-- Problem requirements --
Set down only these lines, exactly: the line containing "这些巧克力包着的饼干勾起你在" and all lines through the end of the data below. Omit pictures.

───── Exercise data ─────

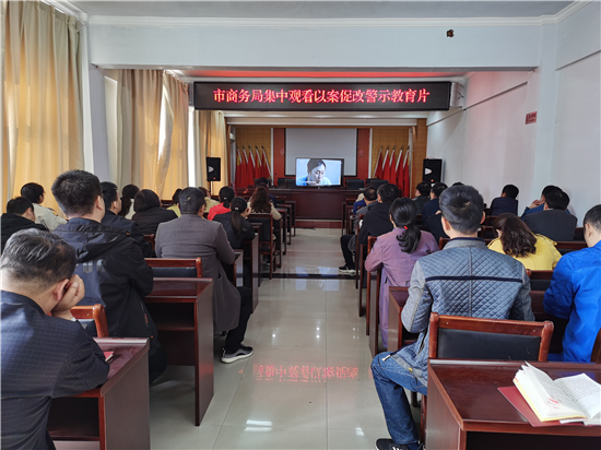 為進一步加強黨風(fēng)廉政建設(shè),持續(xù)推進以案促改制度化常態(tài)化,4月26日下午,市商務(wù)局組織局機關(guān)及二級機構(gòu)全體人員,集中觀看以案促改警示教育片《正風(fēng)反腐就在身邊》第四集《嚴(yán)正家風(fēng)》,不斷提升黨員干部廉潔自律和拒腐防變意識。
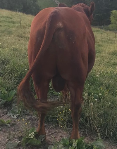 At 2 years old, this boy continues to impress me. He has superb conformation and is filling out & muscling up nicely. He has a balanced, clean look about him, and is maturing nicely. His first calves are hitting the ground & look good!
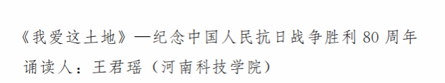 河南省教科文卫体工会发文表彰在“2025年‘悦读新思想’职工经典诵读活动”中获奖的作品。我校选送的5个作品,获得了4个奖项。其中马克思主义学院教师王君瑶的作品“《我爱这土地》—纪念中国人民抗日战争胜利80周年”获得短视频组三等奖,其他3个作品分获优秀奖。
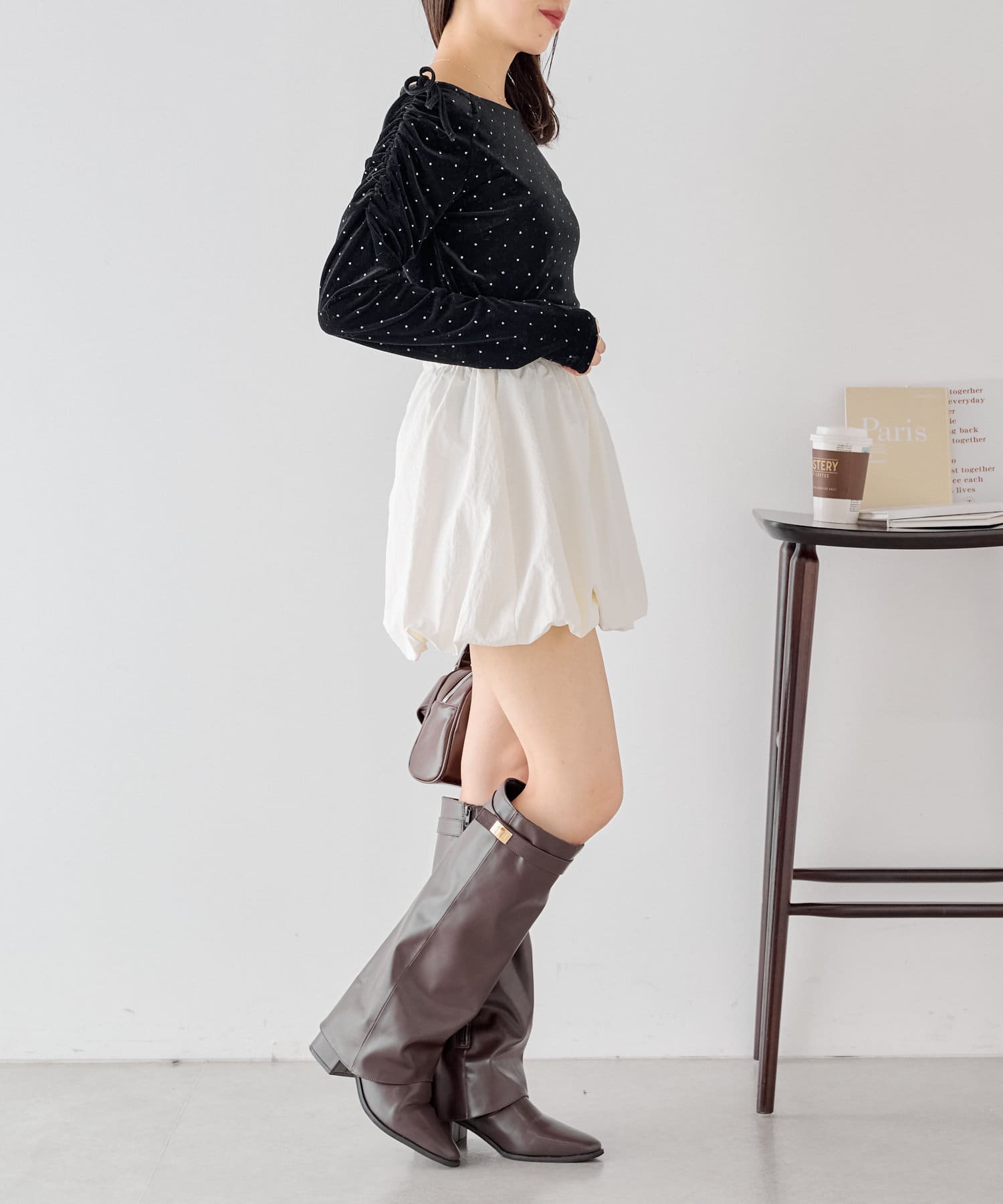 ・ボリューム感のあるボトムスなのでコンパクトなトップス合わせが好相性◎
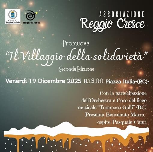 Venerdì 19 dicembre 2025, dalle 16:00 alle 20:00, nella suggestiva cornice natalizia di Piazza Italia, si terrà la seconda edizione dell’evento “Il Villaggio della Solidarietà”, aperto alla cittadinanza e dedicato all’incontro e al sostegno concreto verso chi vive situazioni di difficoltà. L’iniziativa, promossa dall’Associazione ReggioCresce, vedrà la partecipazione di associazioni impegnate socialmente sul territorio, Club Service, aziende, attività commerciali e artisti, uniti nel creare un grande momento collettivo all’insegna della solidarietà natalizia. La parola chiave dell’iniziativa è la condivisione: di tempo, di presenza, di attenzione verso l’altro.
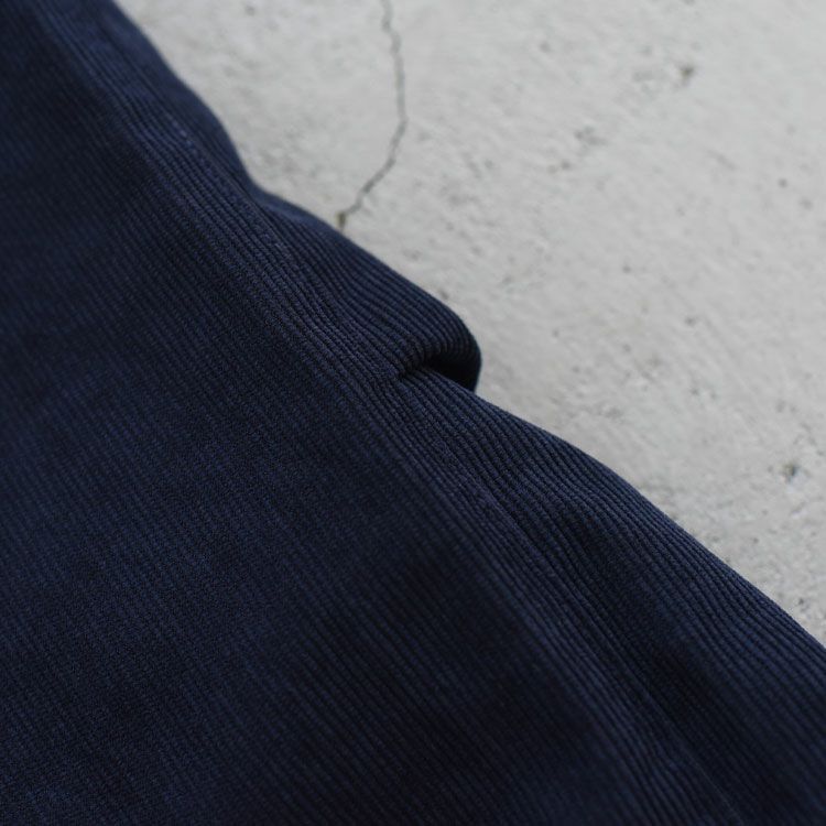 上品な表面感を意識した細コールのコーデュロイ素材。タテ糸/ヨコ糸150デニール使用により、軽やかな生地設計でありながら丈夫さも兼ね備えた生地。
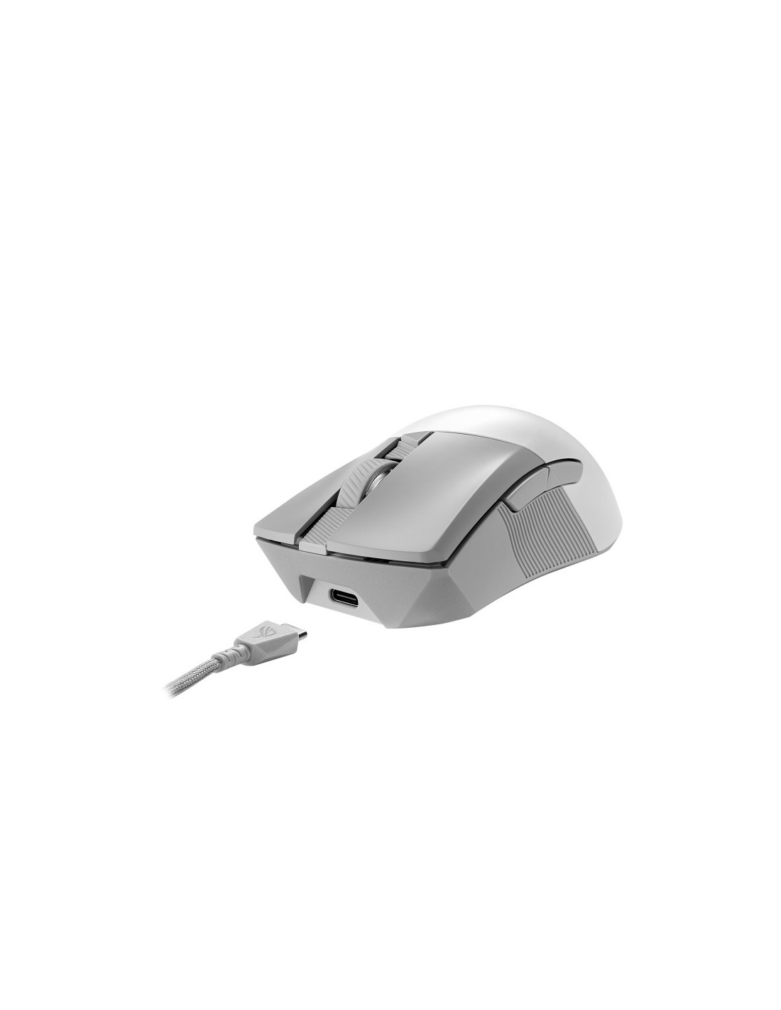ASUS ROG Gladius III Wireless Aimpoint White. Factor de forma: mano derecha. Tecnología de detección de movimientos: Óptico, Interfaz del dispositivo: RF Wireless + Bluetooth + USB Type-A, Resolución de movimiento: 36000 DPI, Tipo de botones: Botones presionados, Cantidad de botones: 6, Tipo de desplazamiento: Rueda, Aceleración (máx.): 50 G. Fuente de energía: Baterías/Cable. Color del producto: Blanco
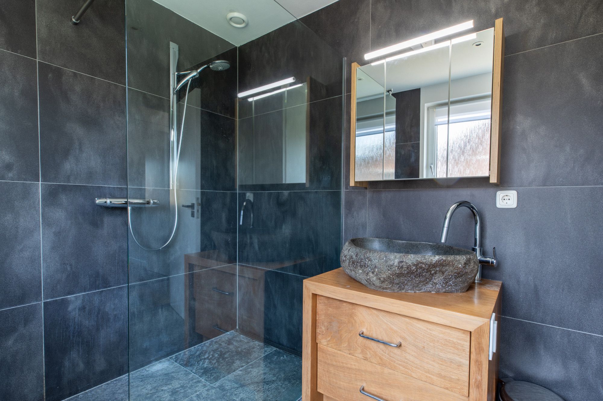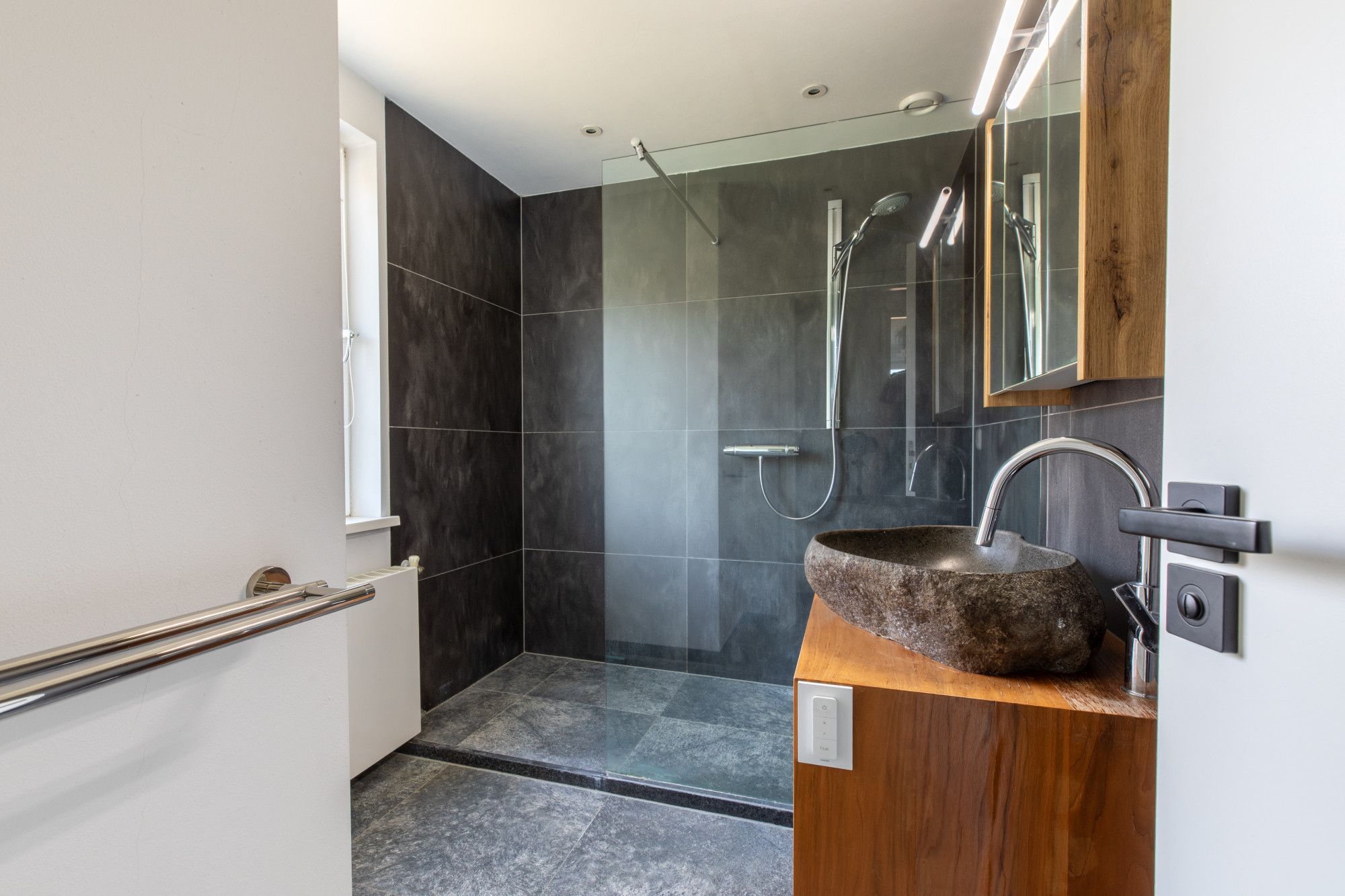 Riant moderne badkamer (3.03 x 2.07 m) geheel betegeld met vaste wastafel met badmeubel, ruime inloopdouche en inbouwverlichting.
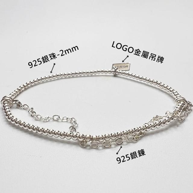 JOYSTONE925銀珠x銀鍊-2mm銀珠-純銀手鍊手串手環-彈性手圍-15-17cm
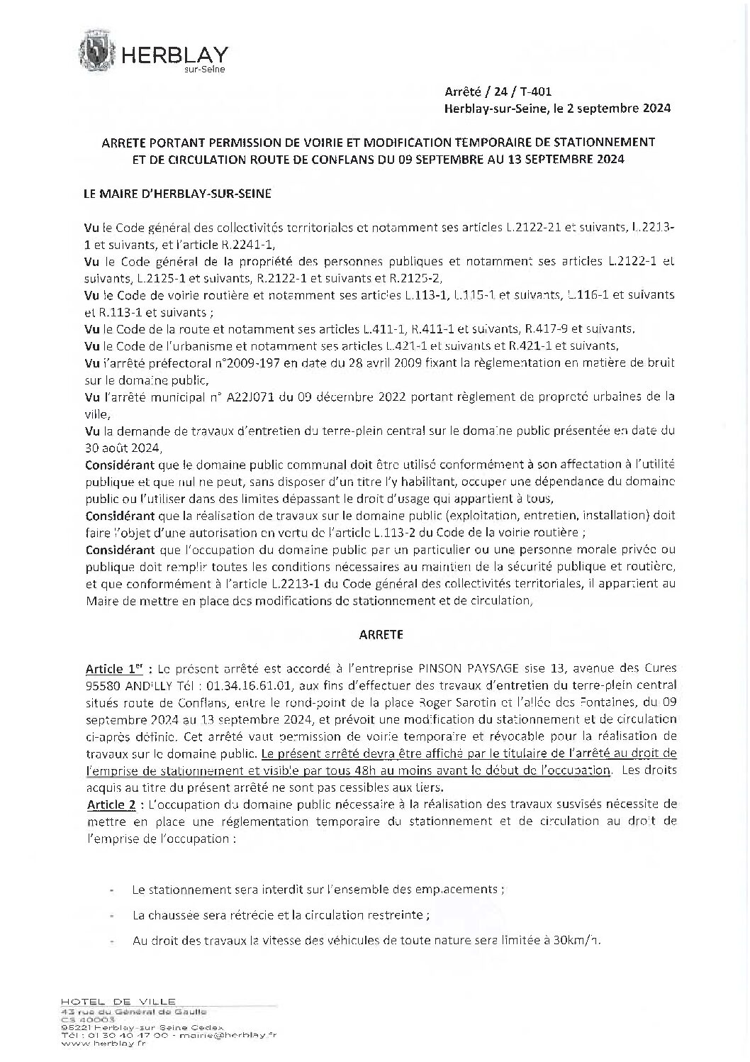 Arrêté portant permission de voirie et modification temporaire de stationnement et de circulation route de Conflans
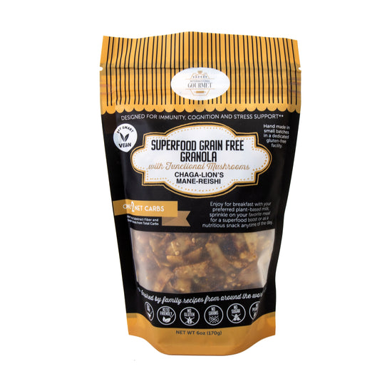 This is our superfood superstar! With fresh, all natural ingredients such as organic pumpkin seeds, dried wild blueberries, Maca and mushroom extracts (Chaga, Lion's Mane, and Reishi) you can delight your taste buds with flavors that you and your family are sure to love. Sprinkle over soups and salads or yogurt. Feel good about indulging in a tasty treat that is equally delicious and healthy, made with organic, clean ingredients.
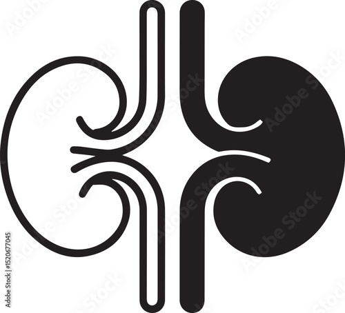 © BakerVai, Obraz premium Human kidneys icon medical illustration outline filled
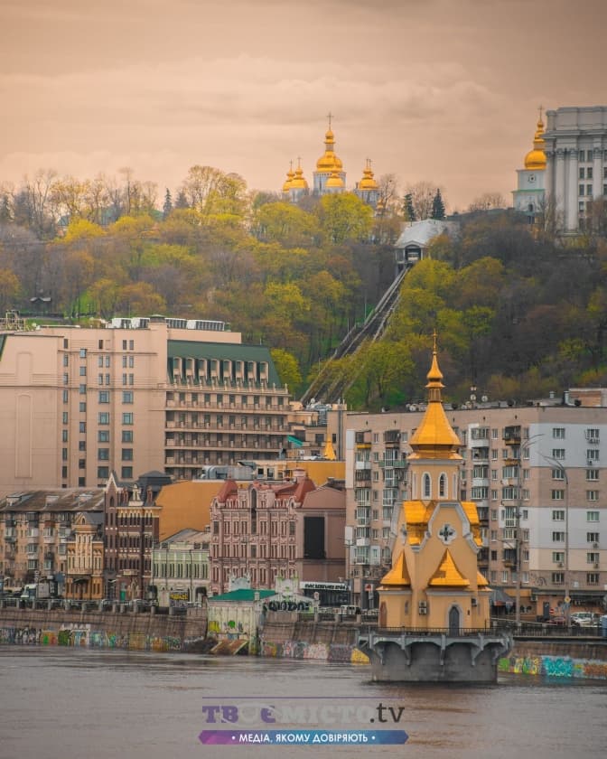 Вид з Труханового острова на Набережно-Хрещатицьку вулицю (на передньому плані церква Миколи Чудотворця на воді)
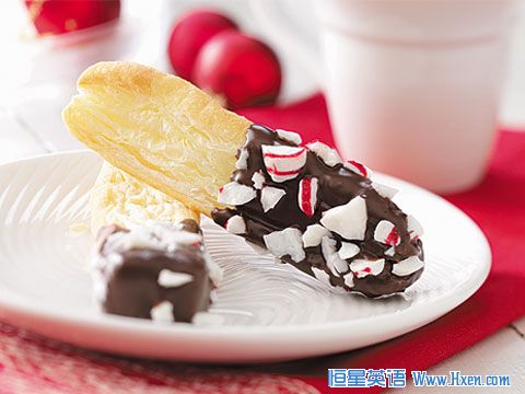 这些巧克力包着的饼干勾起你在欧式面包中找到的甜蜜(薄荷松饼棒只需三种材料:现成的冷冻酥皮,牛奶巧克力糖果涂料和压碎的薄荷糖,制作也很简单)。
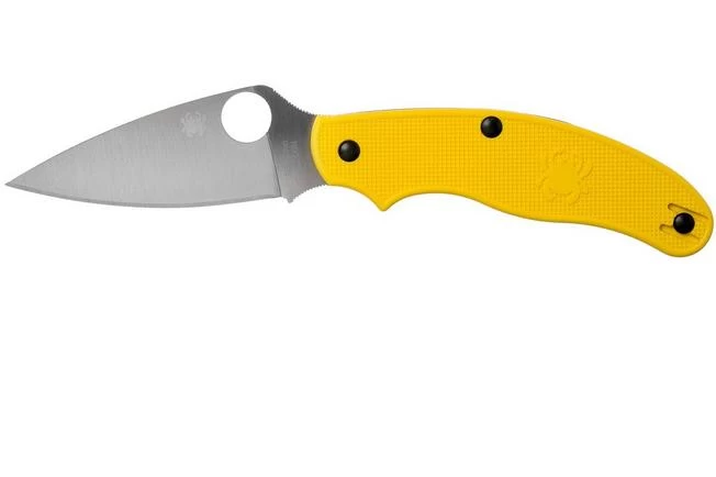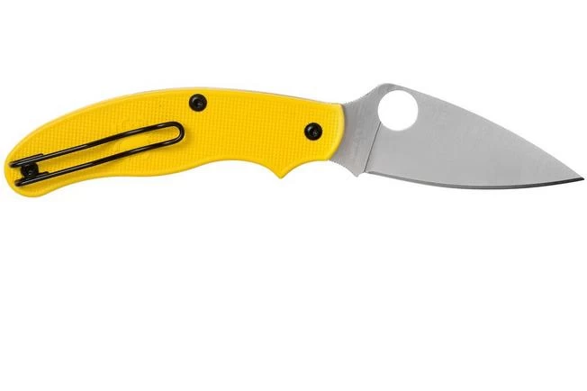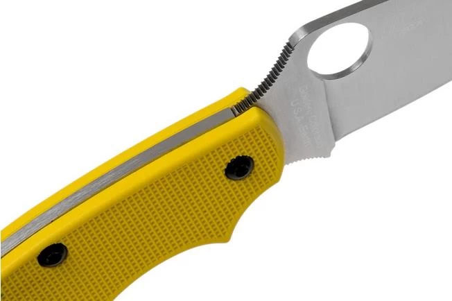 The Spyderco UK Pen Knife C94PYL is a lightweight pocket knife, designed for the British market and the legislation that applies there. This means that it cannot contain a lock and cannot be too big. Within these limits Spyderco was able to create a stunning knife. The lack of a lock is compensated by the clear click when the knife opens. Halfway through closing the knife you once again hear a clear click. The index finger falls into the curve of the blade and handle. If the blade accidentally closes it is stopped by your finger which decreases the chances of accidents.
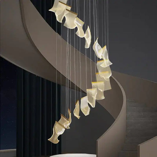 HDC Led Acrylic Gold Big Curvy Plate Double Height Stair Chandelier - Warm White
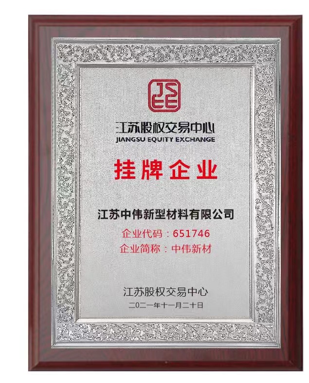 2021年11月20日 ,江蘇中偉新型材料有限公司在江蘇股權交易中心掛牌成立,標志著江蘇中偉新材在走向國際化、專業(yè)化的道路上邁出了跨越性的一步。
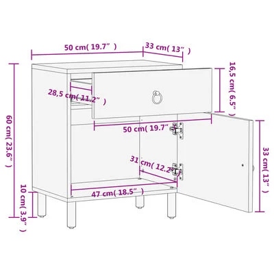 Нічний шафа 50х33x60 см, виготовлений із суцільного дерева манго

─────

-- Exercise output --
 这些巧克力包着的饼干勾起你在欧式面包中找到的甜蜜(薄荷松饼棒只需三种材料:现成的冷冻酥皮,牛奶巧克力糖果涂料和压碎的薄荷糖,制作也很简单)。
 The Spyderco UK Pen Knife C94PYL is a lightweight pocket knife, designed for the British market and the legislation that applies there. This means that it cannot contain a lock and cannot be too big. Within these limits Spyderco was able to create a stunning knife. The lack of a lock is compensated by the clear click when the knife opens. Halfway through closing the knife you once again hear a clear click. The index finger falls into the curve of the blade and handle. If the blade accidentally closes it is stopped by your finger which decreases the chances of accidents.
 HDC Led Acrylic Gold Big Curvy Plate Double Height Stair Chandelier - Warm White
 2021年11月20日 ,江蘇中偉新型材料有限公司在江蘇股權交易中心掛牌成立,標志著江蘇中偉新材在走向國際化、專業(yè)化的道路上邁出了跨越性的一步。
 Нічний шафа 50х33x60 см, виготовлений із суцільного дерева манго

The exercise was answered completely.